Individuals can have their own telomere profile. In addition to the common profile, it is found that each person has specific characteristics, which are also conserved throughout life. Studies on both twins and families indicate that these individual characteristics are at least partly inherited. The length of individual telomeres might occasionally play a role in the heritability of lifespan. In diseases that result in premature ageing there is accelerated telomere shortening, and this may be partly responsible for the condition. There is new evidence that telomere shortening affects ageing in the general population, and is also likely to affect the way a person ages facially. A mutation in the so-called Peter Pan gene speeds up ageing due to telomere shortening. Up to 7 per cent of the population have two copies of this mutation, and they look up to eight years older than other people of the same age. About one third of the population has one copy, ageing them by three to four years. A fortunate, and fresh-faced, 55 per cent do not have the mutation and they remain youthful-looking for longer. Previous research has linked long telomeres with good health and shorter ones with age-related ills such as heart disease and some cancers. Shorter telomeres may thus be associated with shorter lives. One study found that among people older than 60, those with shorter telomeres were three times more likely to die from heart disease and eight times more likely to die from infectious disease. A study of centenarians, Ashkenazi Jews, found that their offspring have longer telomeres, and these are associated with protection from ageing diseases and better cognitive function, and can confer exceptional longevity.

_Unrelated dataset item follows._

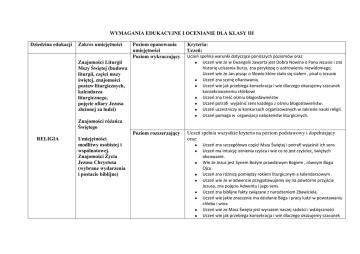 WYMAGANIA EDUKACYJNE I OCENIANIE DLA KLASY III Dziedzina edukacji Zakres umiejętności Poziom opanowania umiejętności Poziom wykraczający Kryteria: Uczeń: Poziom rozszerzający Uczeń spełnia wszystkie kryteria na poziom podstawowy i dopełniający oraz: Znajomości Liturgii Mszy Świętej (budowa liturgii, części mszy świętej, znajomości postaw liturgicznych, kalendarza liturgicznego, pojęcie ofiary Jezusa złożonej za ludzi) Uczeń spełnia warunki dotyczące poniższych poziomów oraz: Uczeń wie że w Ewangelii zawarta jest Dobra Nowina o Panu Jezusie i zna historię uciszenia burzy, zna perykopę o uzdrowieniu niewidomego, Uczeń wie że Jan pisząc o Słowie które stało się ciałem , pisał o Jezusie Uczeń zna scenę ofiarowania. Uczeń wie jak przebiega konsekracja i wie dlaczego okazujemy szacunek konsekrowanemu chlebowi Uczeń zna treść ośmiu błogosławieństw Uczeń potrafi wyjaśnić sens każdego z ośmiu błogosławieństw. Uczeń uczestniczy w konkursach organizowanych w zakresie nauki religii. Uczeń pomaga w organizacji nabożeństw liturgicznych. Znajomości różańca Świętego RELIGIA Umiejętności modlitwy osobistej i wspólnotowej. Znajomości Życia Jezusa Chrystusa (wybrane wydarzenia i postacie biblijne) Uczeń zna szczegółowo części Mszy Świętej i potrafi wyjaśnić ich sens Uczeń ma intuicję istnienia czyśca i wie co to jest czyściec, świętych obcowanie. Wie że Jezus jest Synem Bożym prawdziwym Bogiem , równym Bogu Ojcu. Uczeń zna różnicę pomiędzy rokiem liturgicznym a kalendarzowym . Uczeń wie że w adwencie przygotowujemy się na powtórne przyjście Jezusa, zna pojęcie Adwentu i jego sens. Uczeń zna biblijne fakty związane z narodzeniem Zbawiciela. Uczeń wie jakie znaczenie ma działanie Boga i pracy ludzi w powstawaniu chleba i wina Uczeń wie ze Masz Święta jest wyrazem naszej radości i wdzięczności Uczeń wie jak przebiega konsekracja i wie dlaczego okazujemy szacunek konsekrowanemu chlebowi Uczeń wie ze Masz Święta jest wyrazem naszej radości i wdzięczności Uczeń potrafi powiedzieć jaki jest cel Wielkiego Postu Uczeń potrafi opowiedzieć o Ostatniej Wieczerzy i jej związku z Mszą Świętą Uczeń potrafi powiązać ofiarę na krzyżu z ofiarą Mszy Świętej Uczeń potrafi powiedzieć co znaczy słowo „Eucharystia” oraz „hosanna” Uczeń potrafi wymienić i wyjaśnić podstawowe symbole występujące czasie liturgii Triduum Potrafi wyjaśnić czym jest „stół słowa Bożego” i „stół Ciała Pańskiego” . Poziom podstawowy Uczeń spełnia wszystkie kryteria na poziom dopełniający oraz: Uczeń rozumie, że wezwanie Ojcze nasz wyraża naszą wspólnotę Dzieci Bożych Uczeń zna części różańca świętego Uczeń wie skąd wziął się Kościół, Uczeń wie kim jest apostoł i wie ilu było apostołów. Uczeń potrafi powiedzieć jak można zrezygnować z przemocy Uczeń wie, że Bogu zależy na naszym nawróceniu Uczeń wie ze sam Jezus ustanowił eucharystię podczas ostatniej wieczerzy Uczeń wie, że Bogu zależy na naszym nawróceniu Uczeń wie ze sam Jezus ustanowił eucharystię podczas ostatniej wieczerzy Potrafi czynnie uczestniczyć w Modlitwie eucharystycznej Uczeń potrafi odróżnić działanie Ducha świętego od magii Uczeń potrafi czynnie uczestniczyć w przygotowaniu do Komunii Świętej Uczeń potrafi kojarzyć przykazania kościelne z konkretnymi sytuacjami w życiu. Uczeń potrafi powiedzieć dlaczego czcimy Maryję Poziom dopełniający Uczeń wie jak zachować się w czasie poszczególnych części Mszy świętej, potrafi zaprezentować postawy liturgiczne Uczeń wie co znaczy być apostołem pana Jezusa. Uczeń wie że Bóg jest Stwórcą wszechświata Uczeń zna przykazania miłości Boga i bliźniego , oraz zna przypowieść „O miłosiernym Samarytaninie” Uczeń wie ze Jezus swoją naukę przekazał apostołom. Uczeń wie ze Jezus swoją naukę przekazał apostołom. Uczeń zna Ewangelię o pojmaniu i skazaniu na śmierć Jezusa Poziom konieczny Uczeń Wie czym jest Pismo Święte, zna jego podstawowy podział. Uczeń zna siedem sakramentów świętych Uczeń potrafi modlić się na różańcu Uczeń potrafi wyjaśnić do czego służy chleb i wino podczas liturgii. Uczeń potrafi wymienić czterech ewangelistów Brak umiejętności Uczeń nie spełnia warunków potrzebnych do osiągnięcia poziomu koniecznego.

There is increasing evidence that the nervous system may act as a central regulator of ageing by coordinating the physiology of body tissues. In worms, a number of different mutations that disrupt the function of sensory neurons extend lifespan. Furthermore, killing of specific neurons can increase lifespan in worms and flies. An intriguing question is whether functional disconnection in the brain leads to disruption of brain-systemic feedback loops involving crucial hormonal and autonomic systems. Such a loss of integrated function may contribute to age-related physiological changes, such as hypertension and insulin resistance, and predispose individuals to age-related pathological changes in the brain. It will be exciting to explore the extent of these functional connections in future studies.